= What you need to do =
Output the whole listing below exactly, omitting the images.

= Information shown =
* * * * *
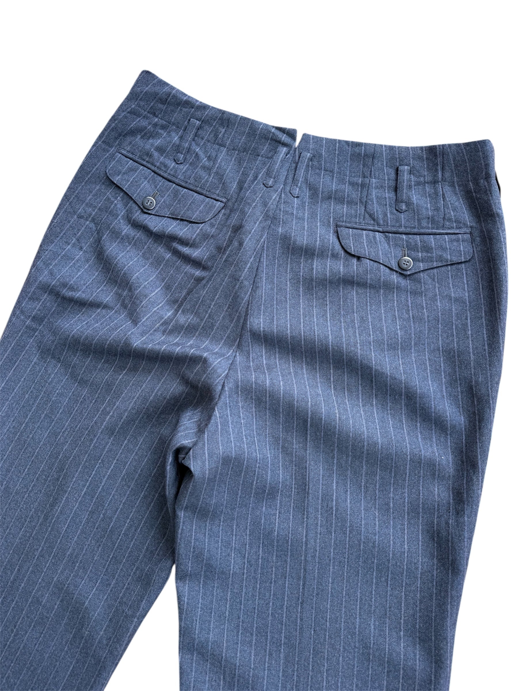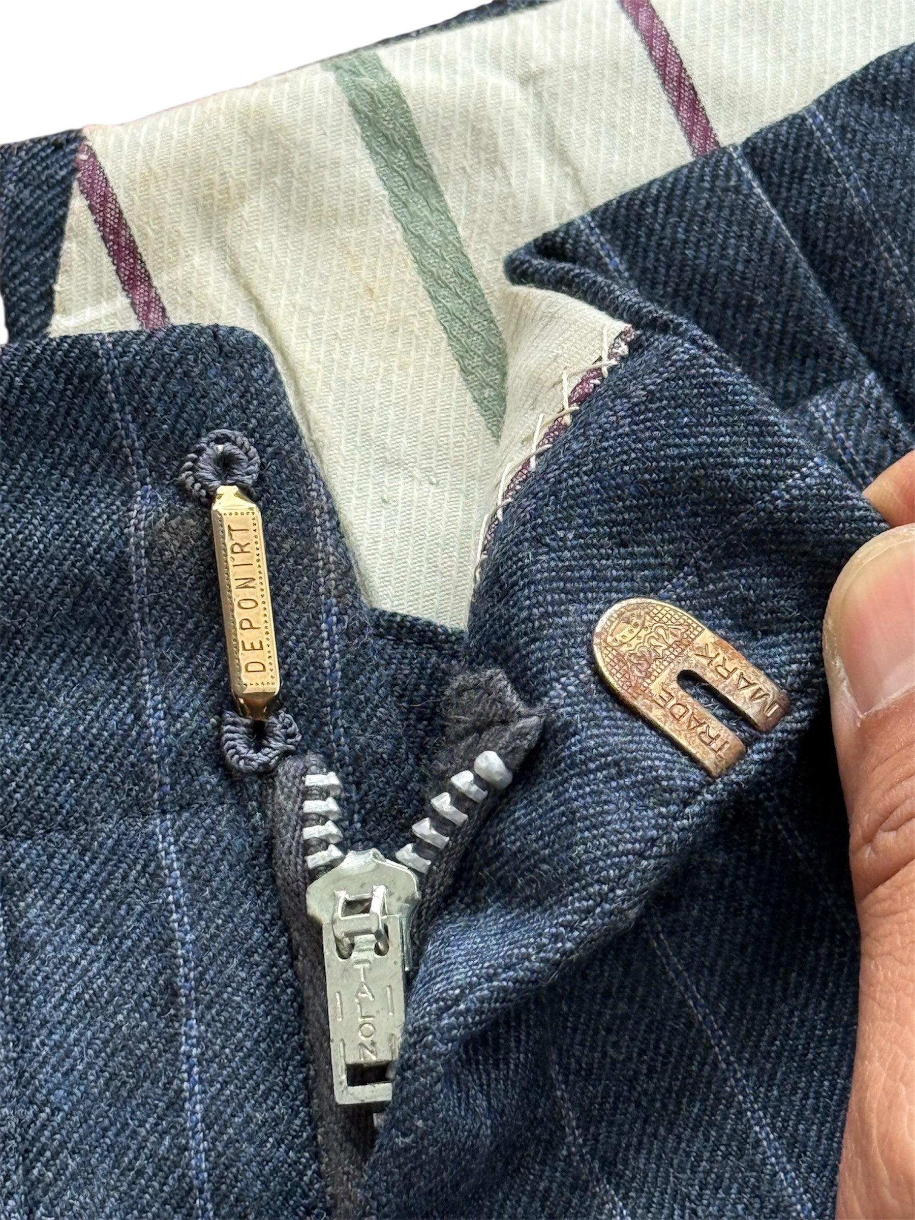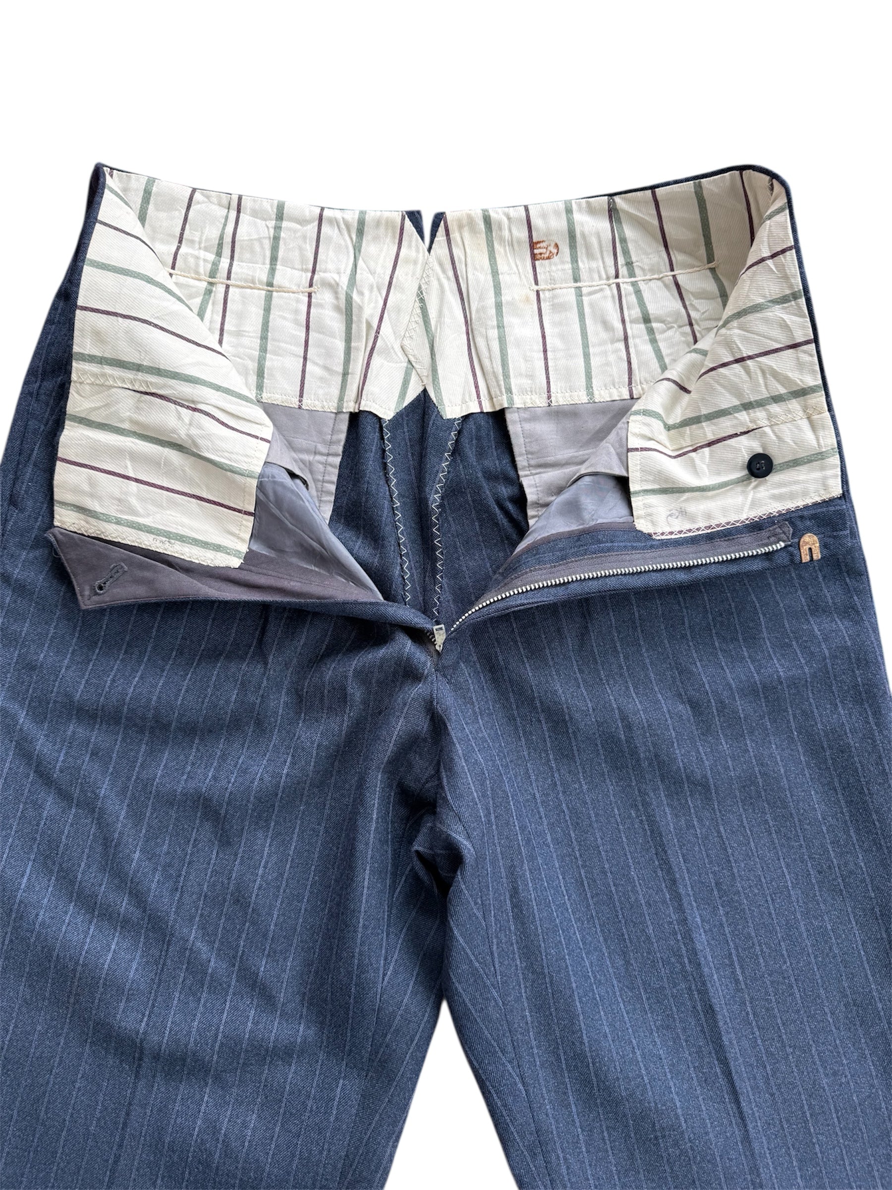 Vintage European tailored trousers from the 1950s, featuring a blue pinstripe wool fabric with cuffed hems and pleated front. Equipped with a Talon metal zipper and Deponirt hook closure, with striped cotton waistband lining. Classic high-rise tailored cut with flap-back pockets, refined mid-century menswear construction.
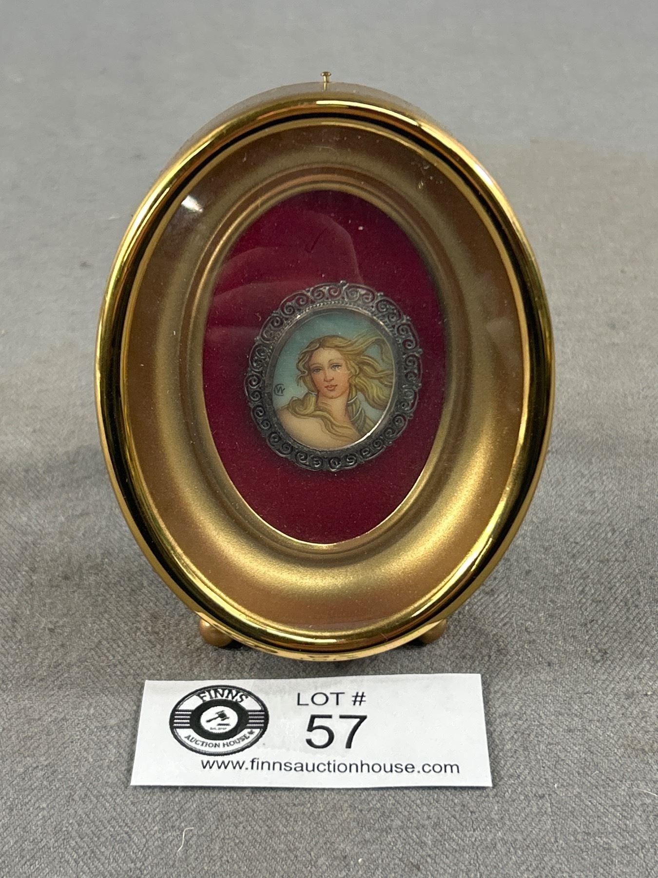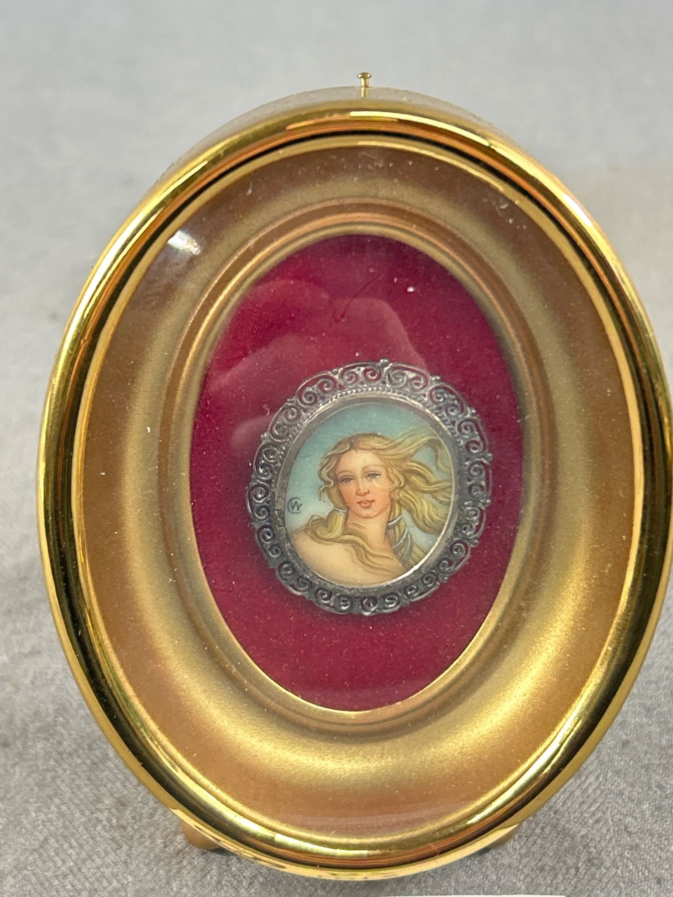 Gorgeous Antique Handpainted & Signed Brooch/Pendant - Marked 800 Silver (in Brass Shadowbox Frame)
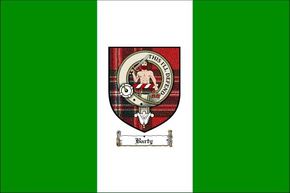 Your scottish clan crest / scottish clan badge proudly displayed on a High Quality Green and White 3 foot by 5 foot Polyester Flag. NOTE: FLAG DOES HAVE TWO GROMMETS
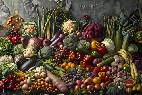 A vibrant display of fresh vegetables, showcasing a variety of shapes and colors, including greens, reds, and yellows, arranged artistically.
* * * * *
= Reply to the exercise =
 Vintage European tailored trousers from the 1950s, featuring a blue pinstripe wool fabric with cuffed hems and pleated front. Equipped with a Talon metal zipper and Deponirt hook closure, with striped cotton waistband lining. Classic high-rise tailored cut with flap-back pockets, refined mid-century menswear construction.
 Gorgeous Antique Handpainted & Signed Brooch/Pendant - Marked 800 Silver (in Brass Shadowbox Frame)
 Your scottish clan crest / scottish clan badge proudly displayed on a High Quality Green and White 3 foot by 5 foot Polyester Flag. NOTE: FLAG DOES HAVE TWO GROMMETS
 A vibrant display of fresh vegetables, showcasing a variety of shapes and colors, including greens, reds, and yellows, arranged artistically.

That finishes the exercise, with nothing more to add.